Provided data:
# # # #

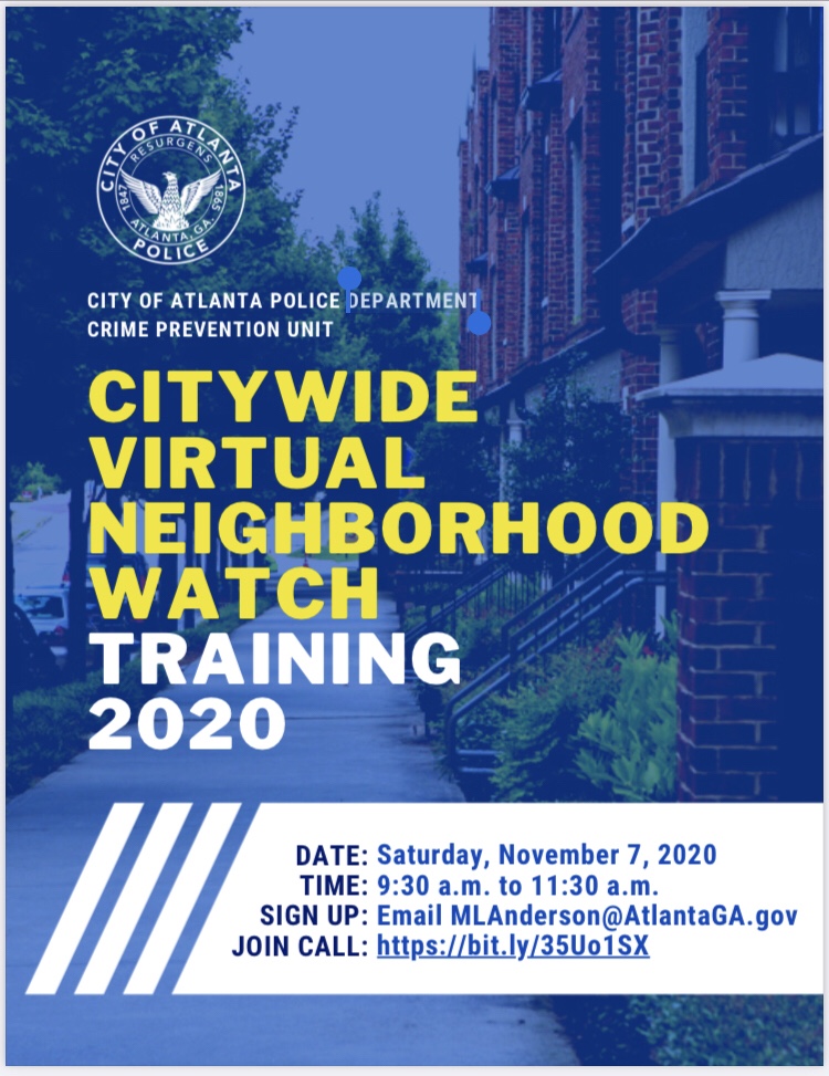 Citywide Virtual Neighborhood Watch Training Posted on October 13, 2020 by NPU-W Share this: Click to share on X (Opens in new window) X Click to share on Facebook (Opens in new window) Facebook Like Loading...
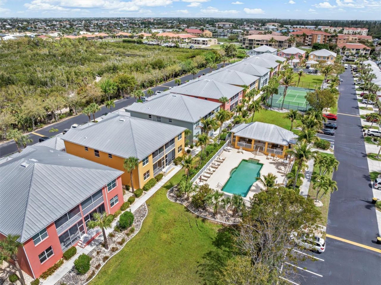 You'll love this FIRST FLOOR CONDO in the beautiful gated community of 'Clipper Cove, located in the heart of Punta Gorda, FL! This inviting residence offers 3 BEDROOMS PLUS AN OFFICE/DEN and a 1-car garage, giving plenty of flexible space for work, hobbies, or guests. The first-floor location adds everyday convenience-no climbing stairs while carrying groceries or shopping bags. The layout feels open, bright, and easy to enjoy, creating a comfortable place to relax and recharge. Clipper Cove is a gated waterfront community with amenities designed for an active Florida lifestyle. Residents enjoy a sparkling community pool and tennis courts just steps from this unit, making it simple to enjoy the outdoors any day of the week. The location also offers easy access to a city-maintained nature preserve with walking and biking trails, perfect for fresh air and peaceful views. The setting blends privacy, recreation, and natural beauty, all within a well-kept neighborhood. Inside the condo, the primary suite offers comfort and privacy. It features its own entrance to the covered and screened lanai, creating a quiet place to enjoy morning coffee or an evening breeze. The ensuite bathroom adds extra convenience and a private retreat feel. The kitchen is designed for both style and function, featuring granite countertops, stainless steel appliances, and a center island that provides extra prep space and room for casual dining. The open design connects easily with the living areas, making the home feel welcoming and bright. Accessibility and thoughtful details add even more value. The home is handicap accessible with wide doorways and no carpet, offering a clean, low-maintenance design throughout. Hard flooring helps keep the space fresh and easy to maintain while creating a modern look that fits many d?cor styles. Living in Punta Gorda means having access to a wide range of activities and attractions. The area is known for boating, marinas, shopping, tennis courts, golf courses, pickleball, bike trails, a dog park, and excellent restaurants. The city also features its own convenient airport, making travel easy. This property is located close to schools, shopping, and dining, placing everyday essentials just minutes away. A perfect place to call home and this is the perfect condo. Schedule your private tour today and experience the comfort, location, and lifestyle this home offers.
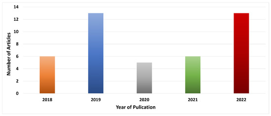 The primary information of the included papers [90,91,92,93,94,95,96,97,98,99,100,101,102,103,104,105,106,107,108,109,110,111,112,113,114,115,116,117,118,119,120,121,122,123,124,125,126,127,128,129,130,131,132] is shown in Table 1. Based on the data shown in Figure 4, we can observe that 13.95% of the total papers were published in 2018 [93,103,111,116,120,124], while 30.23% were published in 2019 [90,92,94,95,99,101,102,104,114,117,119,122,127], 11.64% were published in 2020 [91,96,113,118,121], 13.95% were published in 2021 [100,112,115,123,125,128], and finally, 30.23% were published in 2022 [97,98,105,106,107,108,109,110,126,129,130,131,132]. We note that blockchain technology research is considered new as it will require further development and testing in a real-time environment. In addition, the implementation of such systems is not easy. It requires more time than traditional architectures, which explains why blockchain-based approaches are not widely used in some research areas. However, many approaches that include blockchain technology in their designs are achieving promising results. Overall, 37.21% of the proposed schemes originate from China [92,94,95,96,97,102,104,105,113,114,119,124,125,128,129,132], and 62.79% are distributed between 14 countries [90,91,93,98,99,100,101,103,106,107,108,109,110,111,112,115,116,117,118,120,121,122,123,126,127,130,131]. Most of the included papers are published in journals, which result in 79.07% [90,91,94,96,97,98,99,100,102,104,105,106,107,108,109,110,111,112,113,114,115,118,119,121,122,123,125,126,127,128,129,130,131,132], while 16.28% are published in conferences [92,93,95,101,103,116,120], and 4.65% are published in book and symposiums [117,124]. We included a detailed description of the publishers (name of journal or conference) to address the common databases used. Overall, 51.16% are published in the IEEE database [91,92,96,97,100,101,102,104,105,106,107,108,110,111,116,119,120,123,124,127,128,132], 20.93% are published in Elsevier [94,103,112,113,114,117,118,121,122], 13.95% are published in MDPI [98,99,109,115,130,131], 6.98% are published in Springer [93,95,125], and 6.98% are published in Wiley/Hindawi [90,126,129].
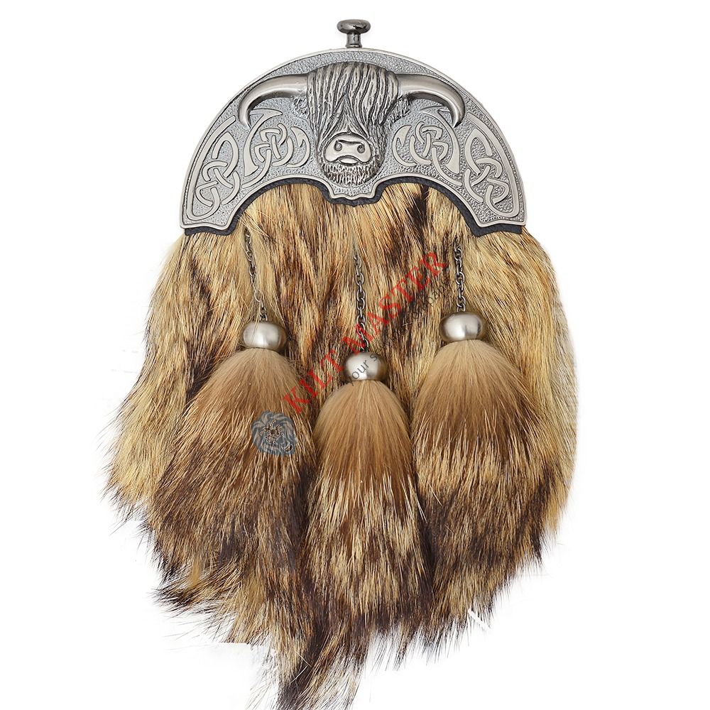 Material: Genuine Fox Fur Color: Natural Fox Fur Style: Full Dress Type: Scottish/Highland Tassels: 3 Fastening: Inside Button Attachment: Leather Straps and Chain Hardware: Silver Chrome Size: Adult and Adjustable

# # # #

Assigned task:
Retype each line above exactly. Leave the images out.

Exercise solution:
 Citywide Virtual Neighborhood Watch Training Posted on October 13, 2020 by NPU-W Share this: Click to share on X (Opens in new window) X Click to share on Facebook (Opens in new window) Facebook Like Loading...
 You'll love this FIRST FLOOR CONDO in the beautiful gated community of 'Clipper Cove, located in the heart of Punta Gorda, FL! This inviting residence offers 3 BEDROOMS PLUS AN OFFICE/DEN and a 1-car garage, giving plenty of flexible space for work, hobbies, or guests. The first-floor location adds everyday convenience-no climbing stairs while carrying groceries or shopping bags. The layout feels open, bright, and easy to enjoy, creating a comfortable place to relax and recharge. Clipper Cove is a gated waterfront community with amenities designed for an active Florida lifestyle. Residents enjoy a sparkling community pool and tennis courts just steps from this unit, making it simple to enjoy the outdoors any day of the week. The location also offers easy access to a city-maintained nature preserve with walking and biking trails, perfect for fresh air and peaceful views. The setting blends privacy, recreation, and natural beauty, all within a well-kept neighborhood. Inside the condo, the primary suite offers comfort and privacy. It features its own entrance to the covered and screened lanai, creating a quiet place to enjoy morning coffee or an evening breeze. The ensuite bathroom adds extra convenience and a private retreat feel. The kitchen is designed for both style and function, featuring granite countertops, stainless steel appliances, and a center island that provides extra prep space and room for casual dining. The open design connects easily with the living areas, making the home feel welcoming and bright. Accessibility and thoughtful details add even more value. The home is handicap accessible with wide doorways and no carpet, offering a clean, low-maintenance design throughout. Hard flooring helps keep the space fresh and easy to maintain while creating a modern look that fits many d?cor styles. Living in Punta Gorda means having access to a wide range of activities and attractions. The area is known for boating, marinas, shopping, tennis courts, golf courses, pickleball, bike trails, a dog park, and excellent restaurants. The city also features its own convenient airport, making travel easy. This property is located close to schools, shopping, and dining, placing everyday essentials just minutes away. A perfect place to call home and this is the perfect condo. Schedule your private tour today and experience the comfort, location, and lifestyle this home offers.
 The primary information of the included papers [90,91,92,93,94,95,96,97,98,99,100,101,102,103,104,105,106,107,108,109,110,111,112,113,114,115,116,117,118,119,120,121,122,123,124,125,126,127,128,129,130,131,132] is shown in Table 1. Based on the data shown in Figure 4, we can observe that 13.95% of the total papers were published in 2018 [93,103,111,116,120,124], while 30.23% were published in 2019 [90,92,94,95,99,101,102,104,114,117,119,122,127], 11.64% were published in 2020 [91,96,113,118,121], 13.95% were published in 2021 [100,112,115,123,125,128], and finally, 30.23% were published in 2022 [97,98,105,106,107,108,109,110,126,129,130,131,132]. We note that blockchain technology research is considered new as it will require further development and testing in a real-time environment. In addition, the implementation of such systems is not easy. It requires more time than traditional architectures, which explains why blockchain-based approaches are not widely used in some research areas. However, many approaches that include blockchain technology in their designs are achieving promising results. Overall, 37.21% of the proposed schemes originate from China [92,94,95,96,97,102,104,105,113,114,119,124,125,128,129,132], and 62.79% are distributed between 14 countries [90,91,93,98,99,100,101,103,106,107,108,109,110,111,112,115,116,117,118,120,121,122,123,126,127,130,131]. Most of the included papers are published in journals, which result in 79.07% [90,91,94,96,97,98,99,100,102,104,105,106,107,108,109,110,111,112,113,114,115,118,119,121,122,123,125,126,127,128,129,130,131,132], while 16.28% are published in conferences [92,93,95,101,103,116,120], and 4.65% are published in book and symposiums [117,124]. We included a detailed description of the publishers (name of journal or conference) to address the common databases used. Overall, 51.16% are published in the IEEE database [91,92,96,97,100,101,102,104,105,106,107,108,110,111,116,119,120,123,124,127,128,132], 20.93% are published in Elsevier [94,103,112,113,114,117,118,121,122], 13.95% are published in MDPI [98,99,109,115,130,131], 6.98% are published in Springer [93,95,125], and 6.98% are published in Wiley/Hindawi [90,126,129].
 Material: Genuine Fox Fur Color: Natural Fox Fur Style: Full Dress Type: Scottish/Highland Tassels: 3 Fastening: Inside Button Attachment: Leather Straps and Chain Hardware: Silver Chrome Size: Adult and Adjustable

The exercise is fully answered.